Final
  for this game

Phils end Reds' six-game winning streak

May 18, 2013 - 3:19 AM Philadelphia, PA (Sports Network) - Domonic Brown recorded the go-ahead RBI in the eighth inning, and the Philadelphia Phillies topped the Cincinnati Reds, 5-3, in the opener of a three-game series.

Jimmy Rollins belted a two-run homer for the Phillies, who won for the fourth time in five games. They also snapped Cincinnati's six-game winning streak.

Cliff Lee gave up six hits, two runs and fanned seven over the first seven innings for the Phillies. Antonio Bastardo surrendered the tying homer to Joey Votto leading off the eighth before the home team rallied.

Jay Bruce smacked a two-run homer for the Reds. Tony Cingrani, making his sixth career start, gave up five hits and three runs in five innings.

Sean Marshall (0-1) walked Michael Young with one out in the eighth. Ryan Howard beat the infield shift with a check-swing base hit toward third. Marshall was unable to get the ball out of his glove.

"That's how you beat the shift right there," Phillies manager Charlie Manuel said. "It came at the right time in the game."

Jonathan Broxton then hit Delmon Young with a pitch and Brown followed with a bouncer up the middle. Shortstop Zack Cozart flipped the ball to Brandon Phillips, who failed to make a barehanded grab and the go-ahead run scored.

Howard was then ruled safe on a head-first slide at the plate on a Carlos Ruiz sacrifice fly to center field for an insurance run. Ryan Hanigan blocked the plate with his leg on a perfect throw from Shin-Soo Choo , but Howard was ruled safe to the dismay of Reds manager Dusty Baker.

"That was a series of bad events," Baker said.
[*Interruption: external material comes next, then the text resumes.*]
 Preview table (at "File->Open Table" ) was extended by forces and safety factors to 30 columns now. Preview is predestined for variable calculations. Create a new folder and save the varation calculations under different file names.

Jonathan Papelbon walked pinch-hitter Xavier Paul leading off the ninth, but retired the three ensuing batters to notch his eighth save of the year in relief of Justin De Fratus (2-0).
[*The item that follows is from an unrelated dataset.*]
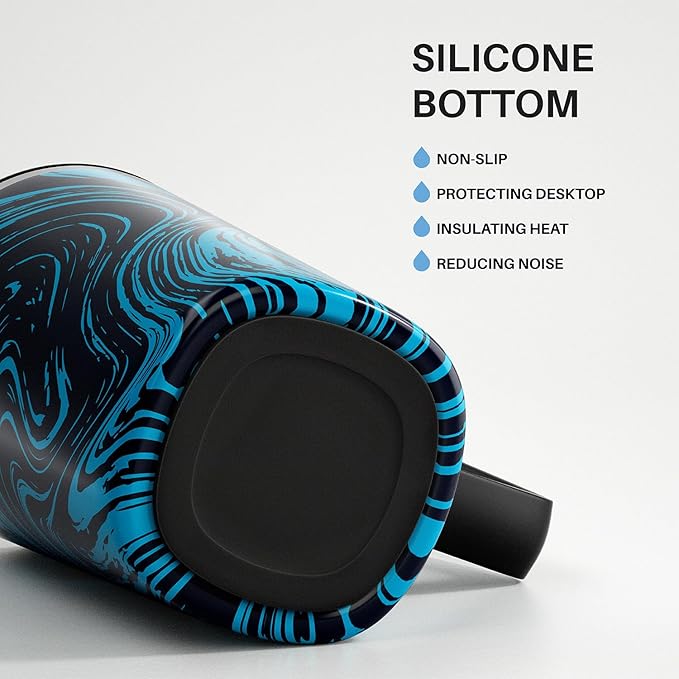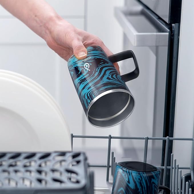 Ideus Vacuum Insulated Coffee Mug, 16oz Reusable Stainless Steel Thermal Double Walled cup with Handle and Slider Lid for Hot & Cold Beverages, BPA Free (Blue Zebra)

The Reds wasted a bases-loaded chance in the second and the Phillies went ahead in the third. With Lee on first, Rollins took Cingrani's 3-1 pitch over the wall in left field. That broke a string of 16 straight solo homers by the Phillies.
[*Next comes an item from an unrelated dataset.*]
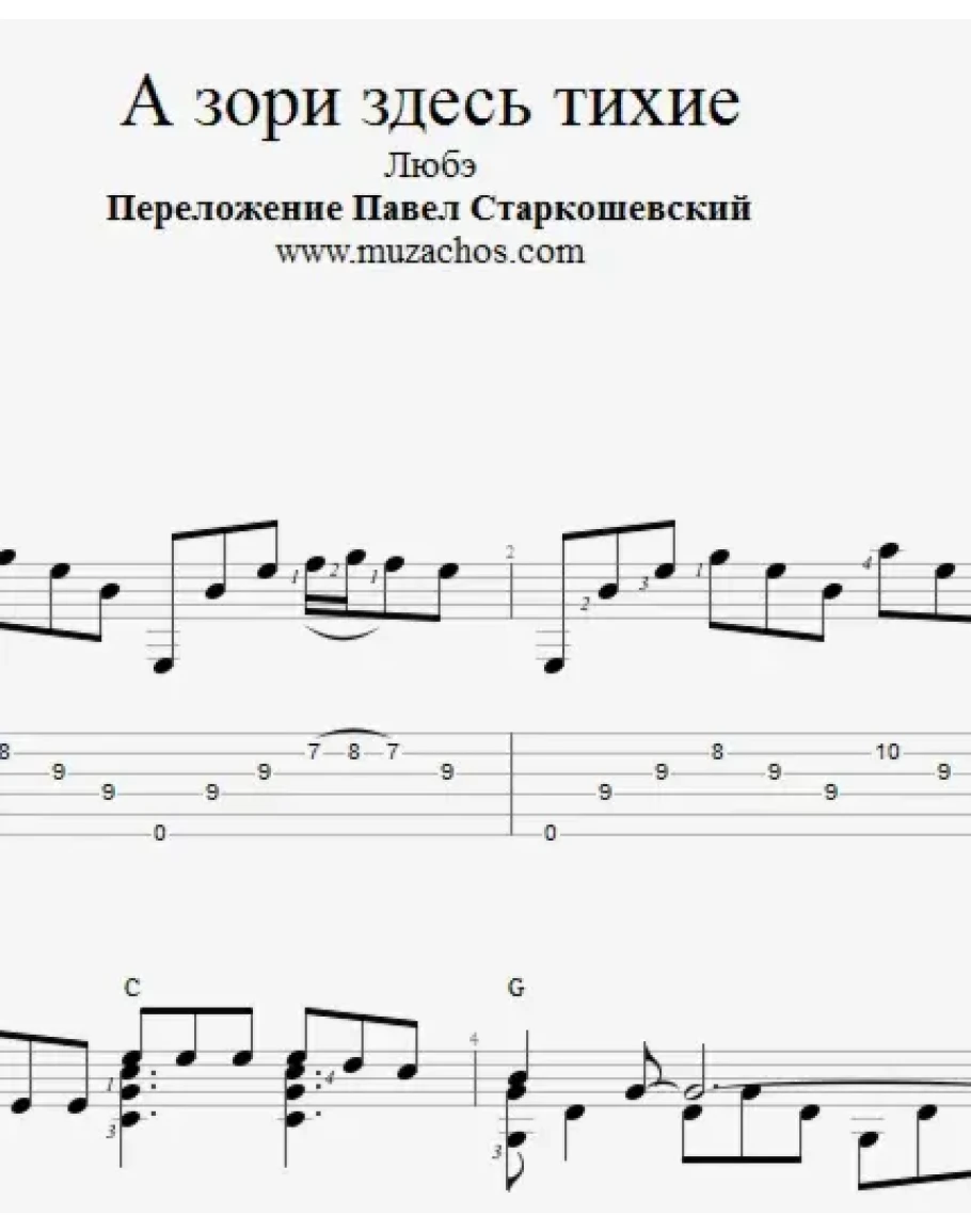 Ноты для одной гитары с аппликатурой левой руки и табулатура к переложению песни Любэ "А зори здесь тихие" Формат: tiff, pdf, guitar pro 6

"When you get him on the ropes you have to get him, especially early," Baker said of Lee. "He settles in and starts getting his pitches over. He wasn't sharp early. We had first and second in the first inning, the bases loaded in the second inning. That would have been enough."

Young tripled to center to drive in Lee in the fifth, but Phillips doubled leading off the next inning and crossed the plate on Bruce's towering blast to the first row of seats in right-center.

"The first couple of innings I was a little erratic," Lee said. "It wasn't really there. I had to find it. It just takes throwing pitches and going through and executing pitches, kind of honing it in. I was lucky to get away with how I was pitching the first two innings."

Votto homered to right-center to start the eighth.

Game Notes

Prior to the game, the Phillies optioned pitcher Raul Valdes to Lehigh Valley, and recalled pitcher B.J. Rosenberg from the same Triple-A club ... Rollins scored his 1,200th career run on his homer ... Phillips' double was his 220th as a Red, tying Hall of Famer Joe Morgan for first place among all club second basemen ... The Reds swept three games from the Phillies in Cincinnati in April ... The Phillies have won 16 of their last 21 home games against the Reds ... Papelbon currently owns the longest active scoreless streak in the National League at 16 2/3 innings. He has not allowed a run since April 3 at Atlanta.